I can give you a bunch of other examples. Does part 57 end this nonsense?

Now that's a really interesting question.

Rod Adams's avatar

I apologize for the detour.

Jack Devanney's avatar

No problem, It's always fun,

but we have to focus on the real problem.

A.C.'s avatar

The 10 tonnes HM limit is curious indeed. One can easily lower the heavy metal by reducing the fertile - an extreme example of this is a plutonium burner reactor such as explored in e.g. the MOSART MSR system. One can easily obtain GW level outputs this way while keeping HM under 10 tonnes. 10 tonnes of reactor grade plutonium is one heck of a lot of reactivity - more than the 6 tonnes of U235 in the EPR and that's 1700 MWe.

A more sensible standard would be the active core Cs137 inventory. Even better would be the total source term available for release, as this is rather different for various reactor and fuel types.

Professor Nuke's avatar

I’m not sure “maximum fission product inventory” is as self-evident of a standard as you claim. Yes, total heavy metal inventory is indeed a curious proxy to this end. But the means by which the inventory is contained seems more relevant.

To wit: the same activity of fission products in TRISO-loaded pebbles represents a substantially different potential release term as compared to say, metallic fuel. The worst-case release scenarios are far different. Same goes for molten salt operating at ambient pressure.

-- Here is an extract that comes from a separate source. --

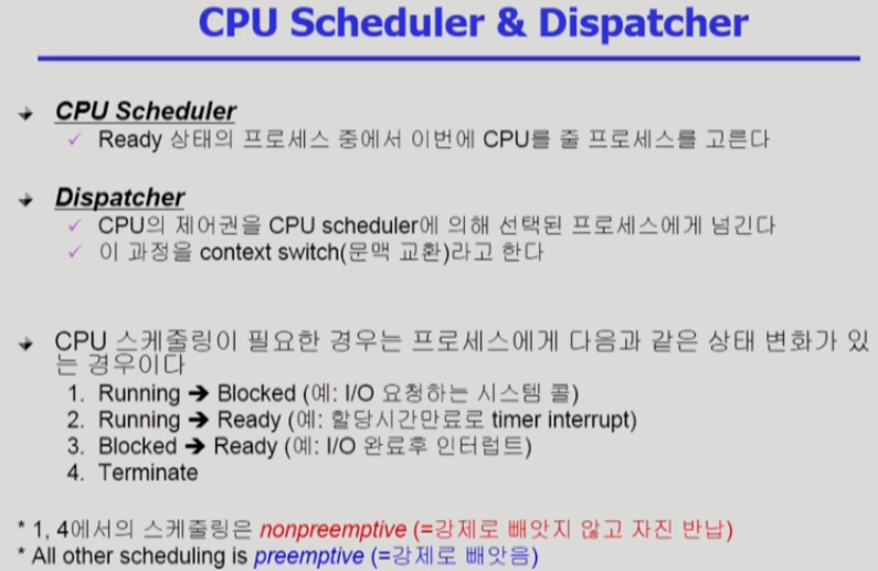 이후부터는 CPU Scheduling 에 대해 설명하심.

It doesn’t give a neat and clean heuristic, but that’s the point; I think a true risk-based regulation actually requires a technical assessment of potential failure pathways, not just arbitrary metrics.

Jack Devanney's avatar

Prof

There are situations in which you need a simple bounding case, for example setting the insurance liability cap. Provided you have adequate buffer zones, so practically all the heavy stuff will fall out within the buffer zone, I think you can use the max inventory of

Te132/I-131, I-132, Cs-134, Cs-137 and say a 95% worst weather pattern to estimate the max liability. That's the approach the NRA actually takes. I badly over-simplified in this post. This approach also allows you to make an estimate that the cap is exceeded. See 1.6.5 in

https://gordianknotbook.com/download/underwriter-certification-of-nuclear-power/

Jack Devanney's avatar

It's probably important to point out that under the NRA, the regulator does not do the risk analysis. The underwriters do when they set the premium. A design that is judged to be less likely to produce any given release including the max liability release will be rewarded with a lower premium.

Power Points's avatar

Jack - You have some great insights here (such as the critique of total dose) that could really improve Part 57. Might I suggest you and/or ThorCon submit comments to the proposed rule? I think the comment period is open through July.

Jack Devanney's avatar

Power,

I retired from ThorCon at 80. i no longer have any official connection except as a shareholder.

The Gordian Knot Group of which I am the self-appointed Supreme Leader may comment.

btu I doubt it will have any impact. Youre right, LNT is so ingrained that most of these people do not understand that as soon as you start talking about total dose, you've accepted LNT.